(Data excerpts begins)
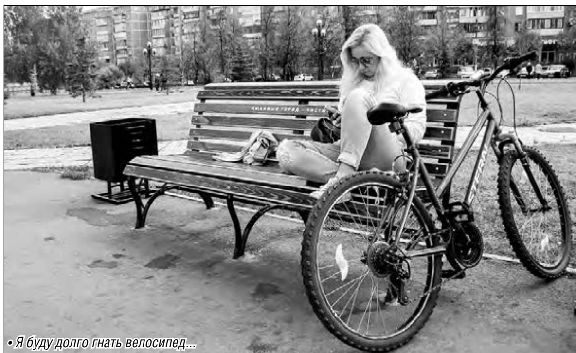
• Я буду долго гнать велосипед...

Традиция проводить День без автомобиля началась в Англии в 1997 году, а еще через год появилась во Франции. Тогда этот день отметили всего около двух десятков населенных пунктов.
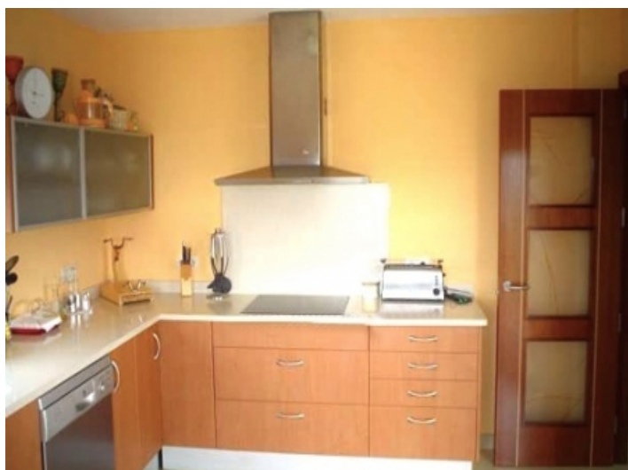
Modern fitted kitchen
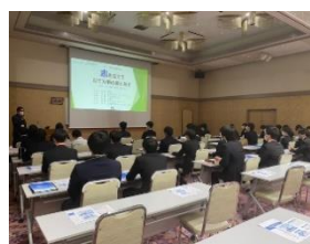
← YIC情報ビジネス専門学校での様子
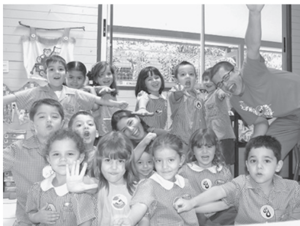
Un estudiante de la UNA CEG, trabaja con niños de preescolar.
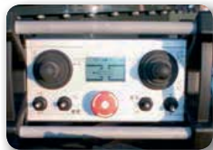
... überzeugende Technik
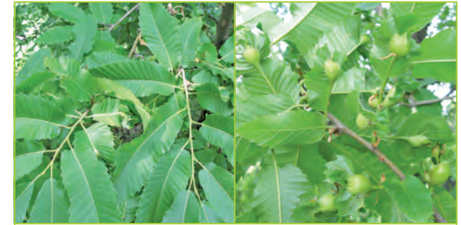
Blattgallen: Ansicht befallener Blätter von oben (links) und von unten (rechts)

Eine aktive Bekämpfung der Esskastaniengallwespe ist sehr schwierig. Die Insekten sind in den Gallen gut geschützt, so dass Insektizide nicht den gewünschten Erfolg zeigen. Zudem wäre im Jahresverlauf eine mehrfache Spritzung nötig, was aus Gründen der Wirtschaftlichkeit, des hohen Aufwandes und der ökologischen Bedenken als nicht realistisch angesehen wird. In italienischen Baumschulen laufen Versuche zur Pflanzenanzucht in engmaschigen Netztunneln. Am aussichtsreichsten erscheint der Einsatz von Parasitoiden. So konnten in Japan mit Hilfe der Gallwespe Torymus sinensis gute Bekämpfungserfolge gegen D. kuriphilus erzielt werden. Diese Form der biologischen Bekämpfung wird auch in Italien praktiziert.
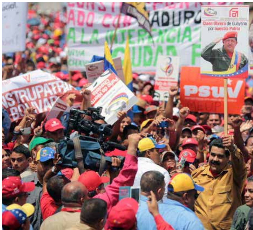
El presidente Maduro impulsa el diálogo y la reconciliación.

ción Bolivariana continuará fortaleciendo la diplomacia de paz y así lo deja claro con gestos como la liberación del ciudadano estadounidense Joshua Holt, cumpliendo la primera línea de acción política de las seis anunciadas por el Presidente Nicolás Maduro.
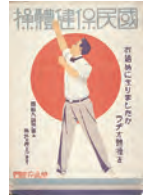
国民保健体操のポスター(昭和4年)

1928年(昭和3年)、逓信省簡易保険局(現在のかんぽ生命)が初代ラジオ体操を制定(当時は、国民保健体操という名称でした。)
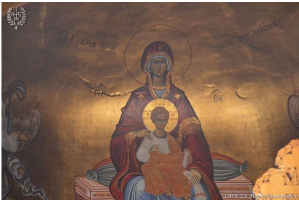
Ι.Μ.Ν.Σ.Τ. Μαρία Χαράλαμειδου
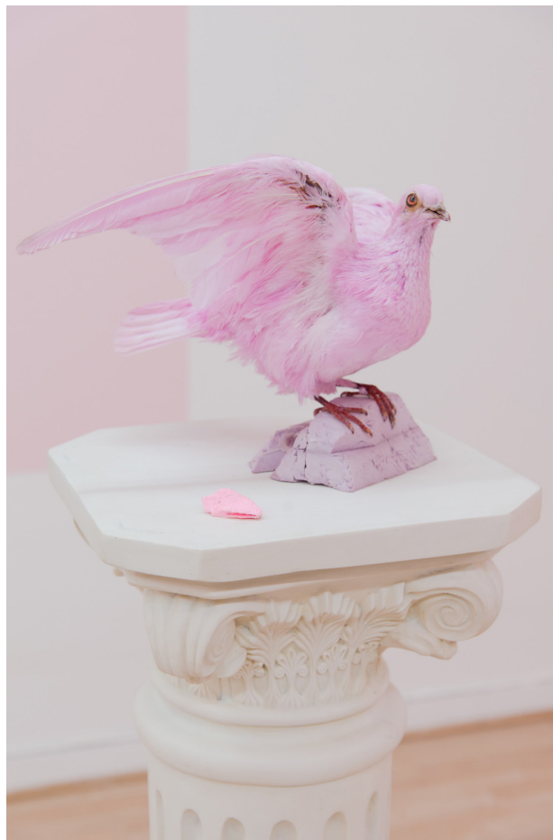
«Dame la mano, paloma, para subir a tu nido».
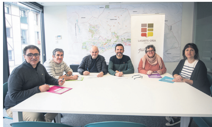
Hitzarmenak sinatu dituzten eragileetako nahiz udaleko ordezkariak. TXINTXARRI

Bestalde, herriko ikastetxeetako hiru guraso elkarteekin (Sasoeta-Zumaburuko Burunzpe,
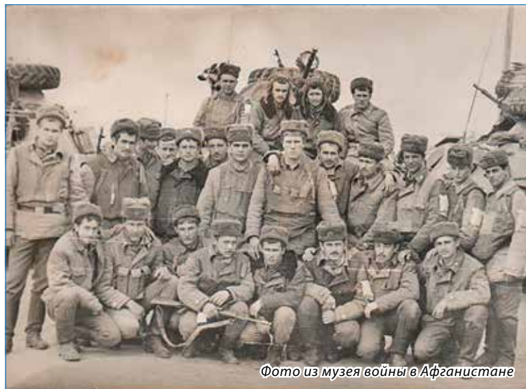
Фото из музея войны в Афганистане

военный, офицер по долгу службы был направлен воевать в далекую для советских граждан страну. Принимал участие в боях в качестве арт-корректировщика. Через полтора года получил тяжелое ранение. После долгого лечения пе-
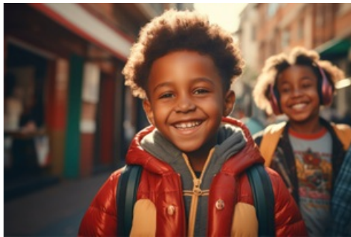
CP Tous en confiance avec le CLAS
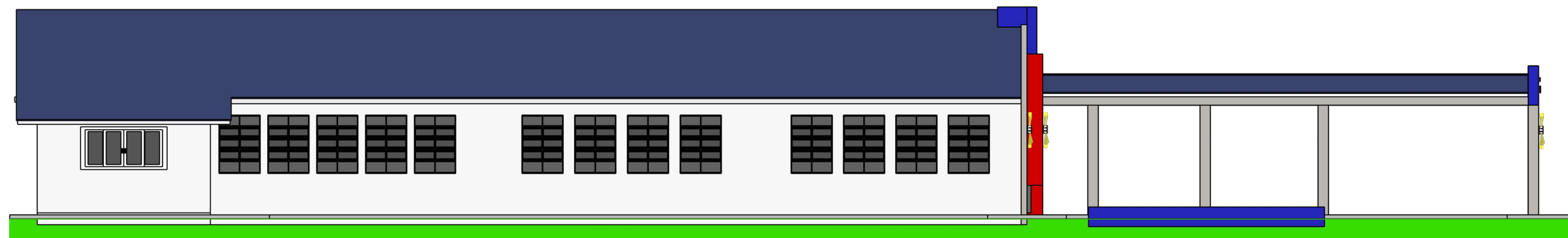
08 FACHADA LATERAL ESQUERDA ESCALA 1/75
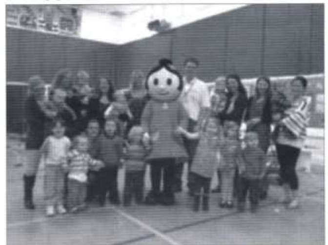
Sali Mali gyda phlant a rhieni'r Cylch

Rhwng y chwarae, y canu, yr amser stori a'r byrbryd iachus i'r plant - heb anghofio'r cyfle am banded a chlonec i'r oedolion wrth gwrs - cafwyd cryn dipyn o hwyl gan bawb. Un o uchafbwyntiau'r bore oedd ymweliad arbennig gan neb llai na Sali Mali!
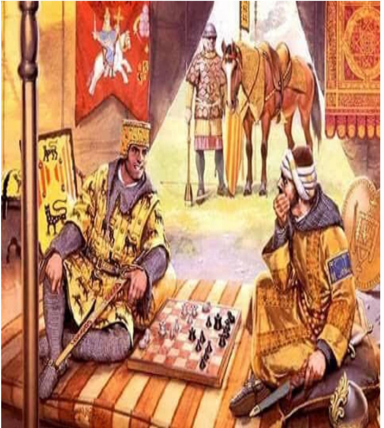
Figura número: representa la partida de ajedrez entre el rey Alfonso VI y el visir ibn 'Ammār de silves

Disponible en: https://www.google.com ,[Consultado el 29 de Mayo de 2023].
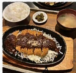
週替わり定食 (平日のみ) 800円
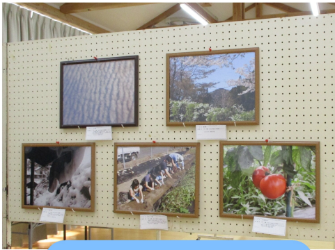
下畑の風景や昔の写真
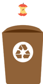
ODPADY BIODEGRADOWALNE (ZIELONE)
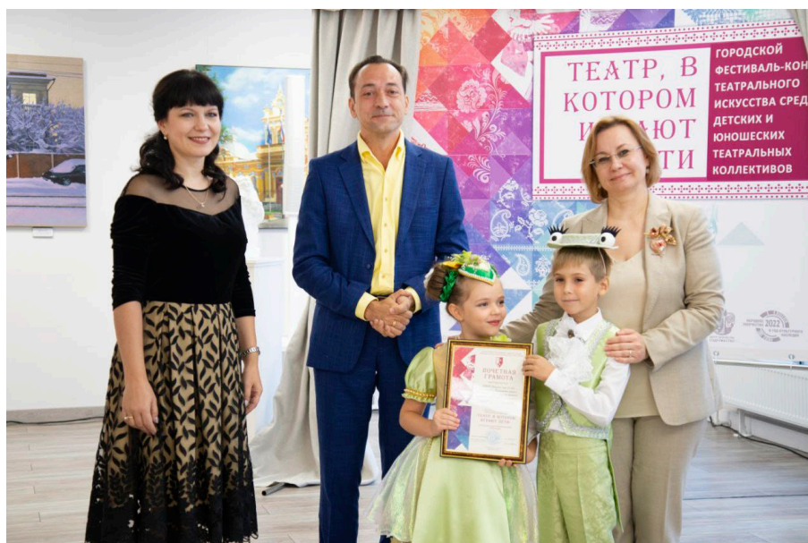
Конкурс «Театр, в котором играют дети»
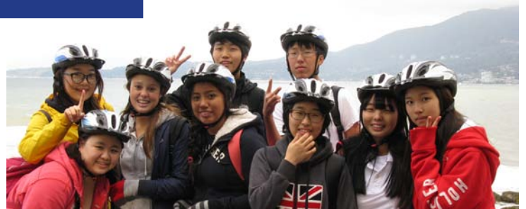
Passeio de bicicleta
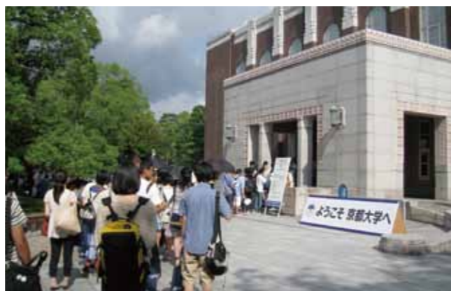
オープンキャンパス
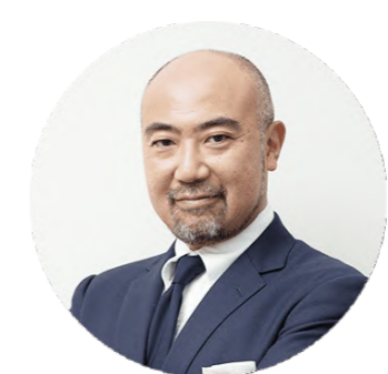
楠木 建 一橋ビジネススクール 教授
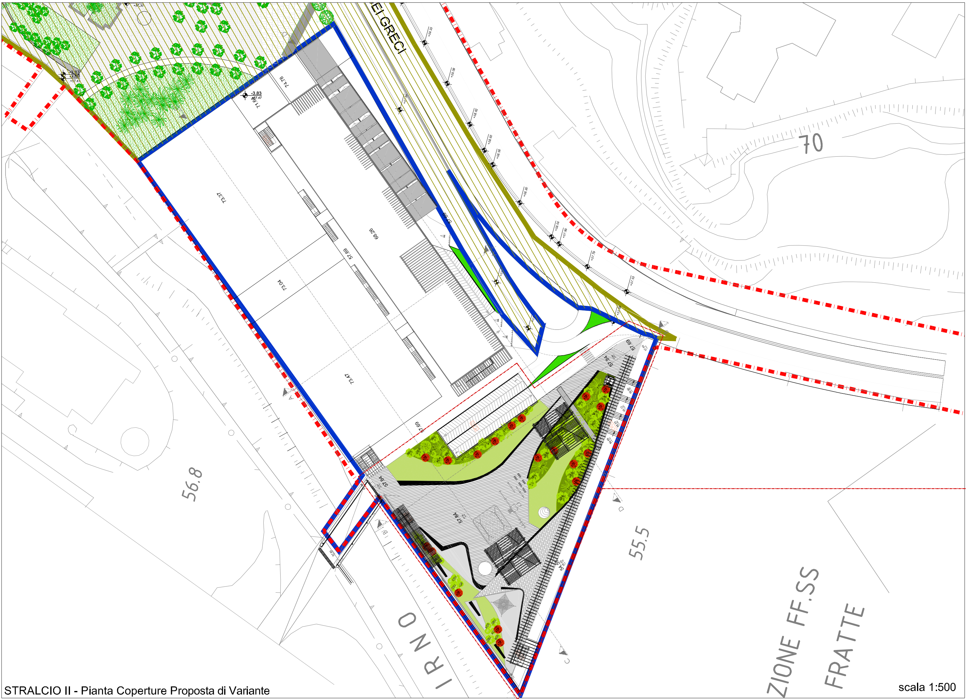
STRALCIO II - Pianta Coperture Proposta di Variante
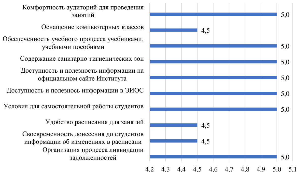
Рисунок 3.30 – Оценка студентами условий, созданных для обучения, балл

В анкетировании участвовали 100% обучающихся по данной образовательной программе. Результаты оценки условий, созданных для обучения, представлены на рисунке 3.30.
(Data excerpts ends)
- Exercise instructions:
Within the entries above, the lines from the one containing "Modern fitted kitchen" through the one containing "Blattgallen: Ansicht befallener" are to be transcribed exactly, ends included, pictures excluded.

- Completed task:
Modern fitted kitchen
← YIC情報ビジネス専門学校での様子
Un estudiante de la UNA CEG, trabaja con niños de preescolar.
... überzeugende Technik
Blattgallen: Ansicht befallener Blätter von oben (links) und von unten (rechts)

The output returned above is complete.